Let’s take a look at Mitt Romney’s Health Care plan using his own outline (“Mitt’s Plan”) on his website.
Romney’s approach to health care reform summarized:
- “Kill Obamacare” – There seems to be no chance Romney would try to fix the Affordable Care Act––he would repeal all of it.
- No new federal health insurance reform law – There is no indication from his policy outline that he would try to replace the health care reform law for those under age-65 (“Obamacare”) with a new federal law–his emphasis would be on making it easier for the states to tackle the issue as he did in Massachusetts.

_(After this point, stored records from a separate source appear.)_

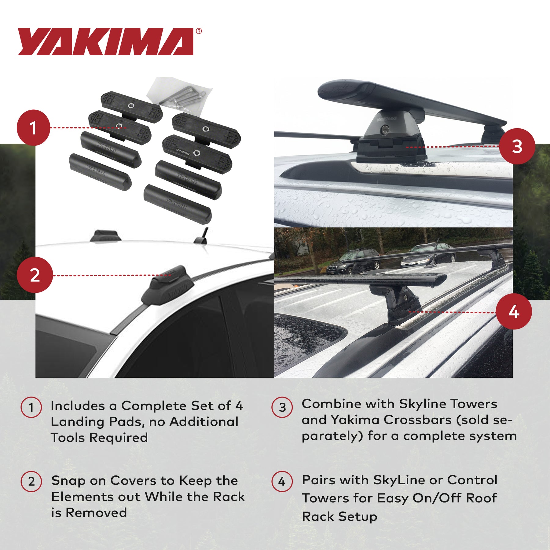 Embrace the future of rooftop rack systems with the YAKIMA Landing Pad 18, an embodiment of precision, convenience, and limitless possibilities for your next expedition.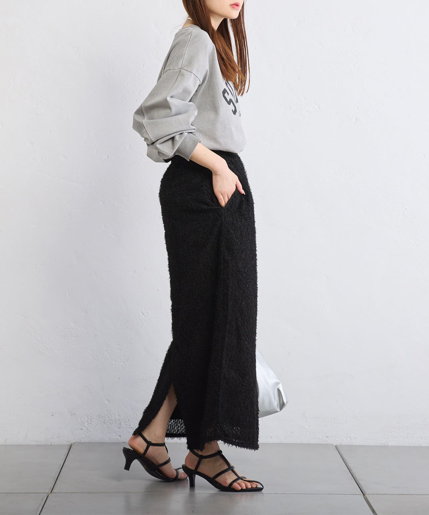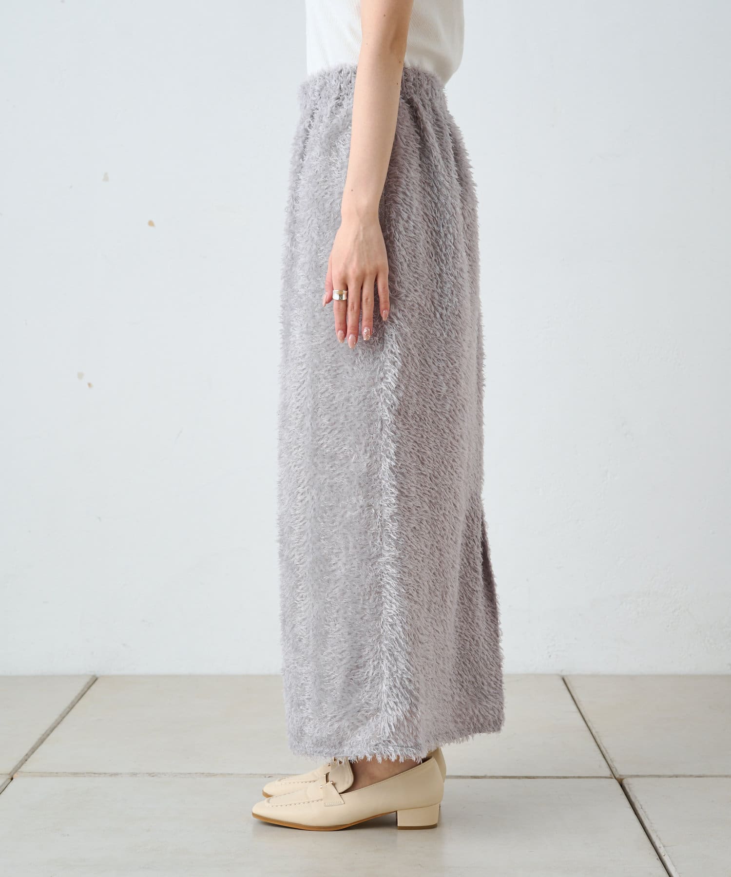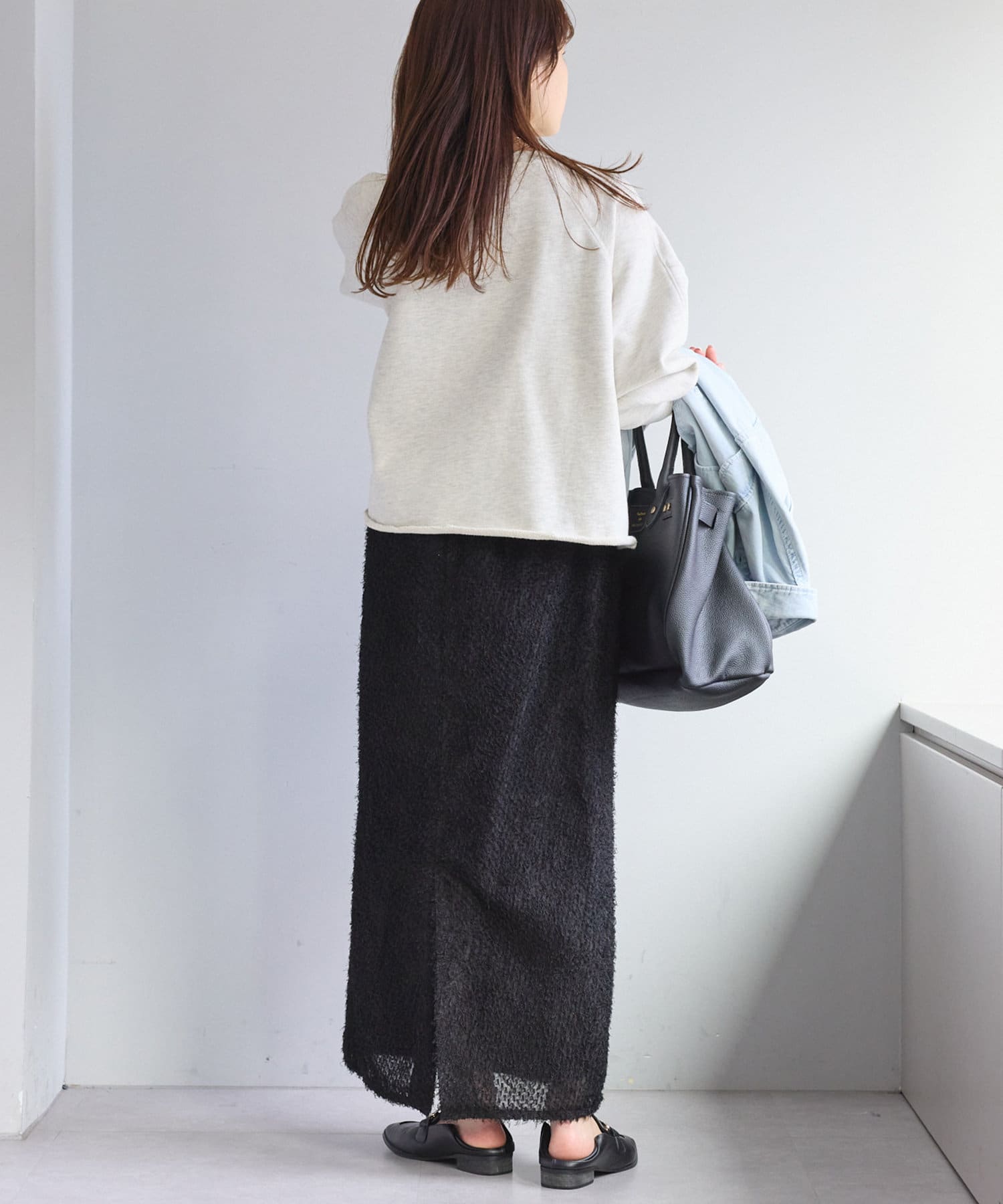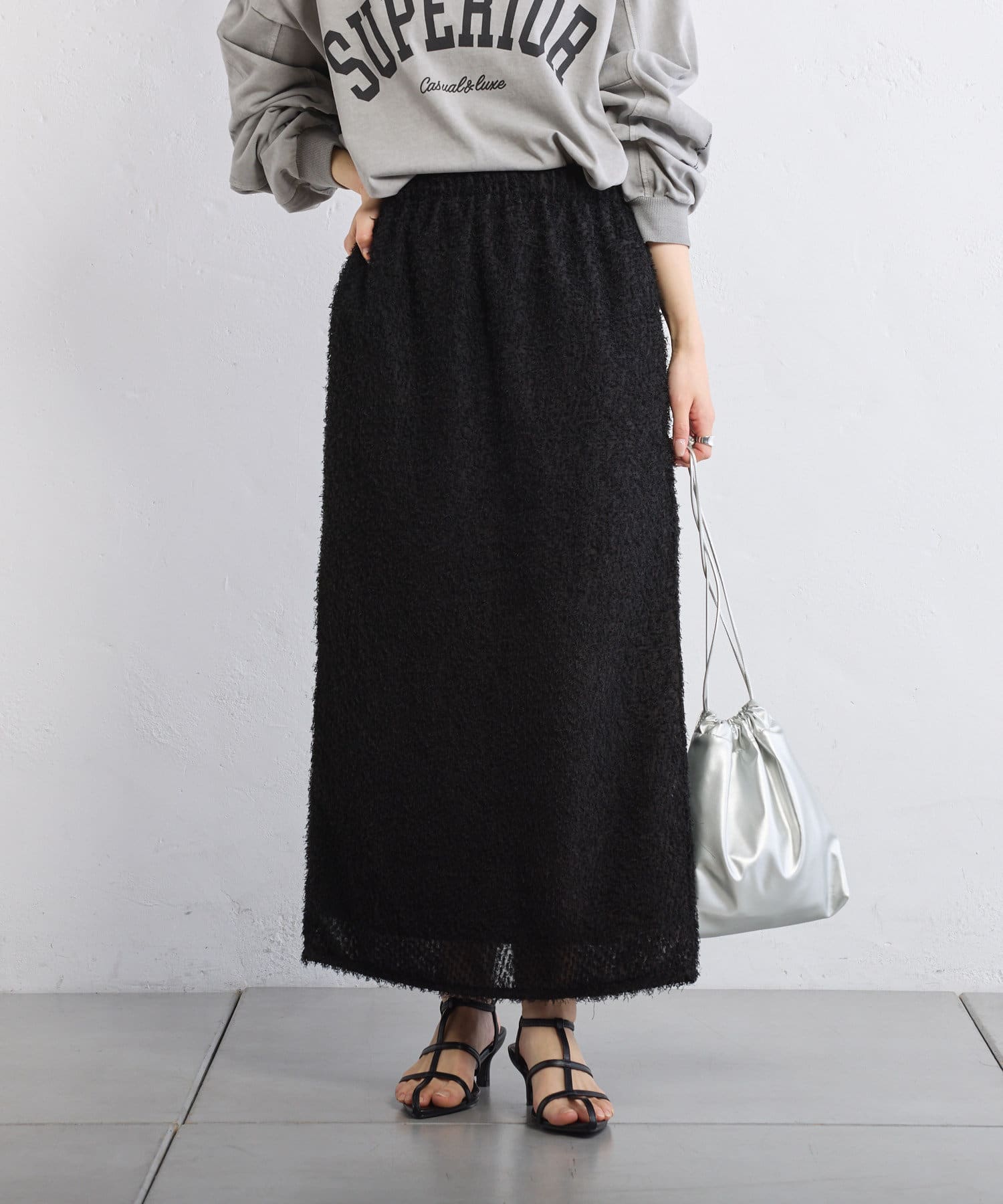 綺麗なIラインシルエットなので、ゆったりしたトップスと合わせると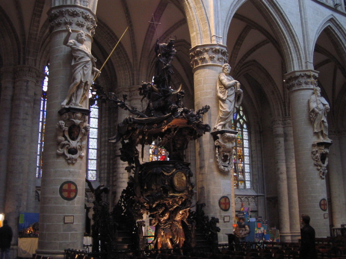 昨晩は部屋が乾燥しているのと、風邪のせいで、のどが痛いほど乾いている。朝食はホテルでビュッフェ。パン、チーズ、ハムが中心でいまいち。コーヒーもいまいち。部屋に手元にある小銭の0.80EURをチップとして置いていく。ホテルの隣の植物園を抜けて、メトロ、トラム、バスの共通一日券3.80EURを買い、早速トラムに乗ってみる。なぜか検札が全くないが、それでも切符をトラムの機械に通していく人も多い。王立美術館前で降りて、グランプラスまで歩き、ビール博物館へ。4.00EUR。ビールをつくる機械が置いてある部屋が1〜2部屋あるだけの、ちょっとしょぼい博物館だ。ビデオだけはやたらと長いが、真面目に見ているとまあまあおもしろい。帰りにビールが1杯ついてくる。ビール代と思えば4.00EURはまあまあか。次はサン・ミッシェル大聖堂へ。ここは国王の戴冠式や結婚式に使われただけあって、なかなか立派な教会だ。楽園追放の木像がなかなかいい。1.00EUR寄付する。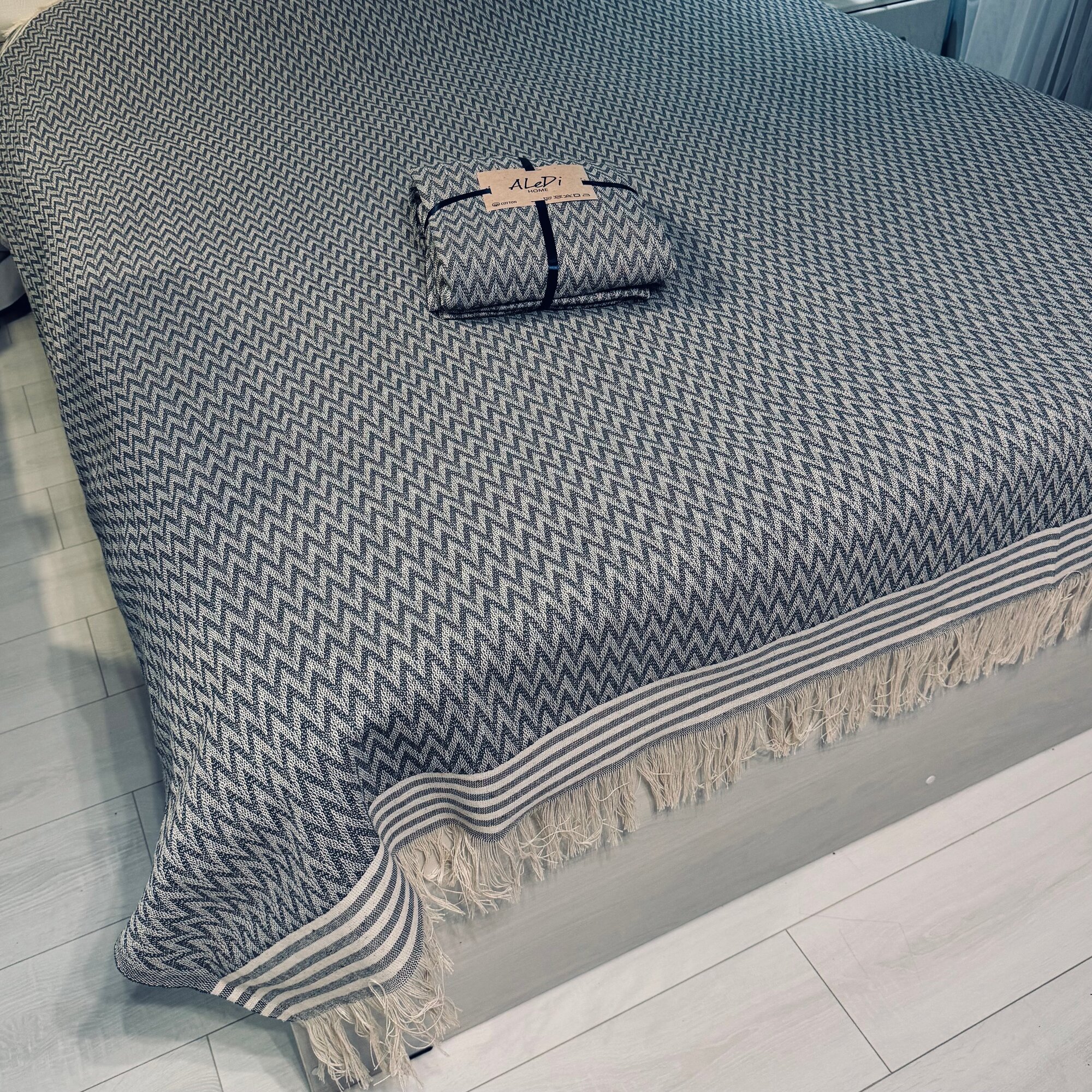 Плед Aledi Home Зигзаг, хлопок, 220 см x 240 см, двухсторонний, с бахромой и кисточками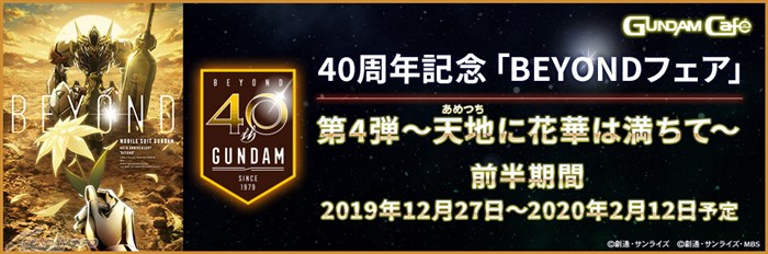高達官方咖啡廳「GUNDAM Café」全店和大阪「GUNDAM SQUARE」,將於12月27日(五)起舉辦「機動戰士高達40th記念BEYOND展第4彈~天地花滿開~前半」。

- Small incremental steps – His approach for health insurance reform for those under age-65 relies on relatively small incremental market ideas when compared to the Democrats big Affordable Care Act–tort reform, association purchasing pools, insurance portability, more information technology, greater tax deductibility of insurance, purchasing insurance across state lines, more HSA flexibility.
- Getting the federal government out of the Medicaid program – He would fundamentally change Medicaid by putting the states entirely in control of it and capping the annual federal contribution–“block-granting.”
- Big changes for Medicare – Romney offers a fundamental reform for Medicare beginning for those who retire in ten years by creating a more robust private Medicare market and giving seniors a defined contribution premium support to pay for it.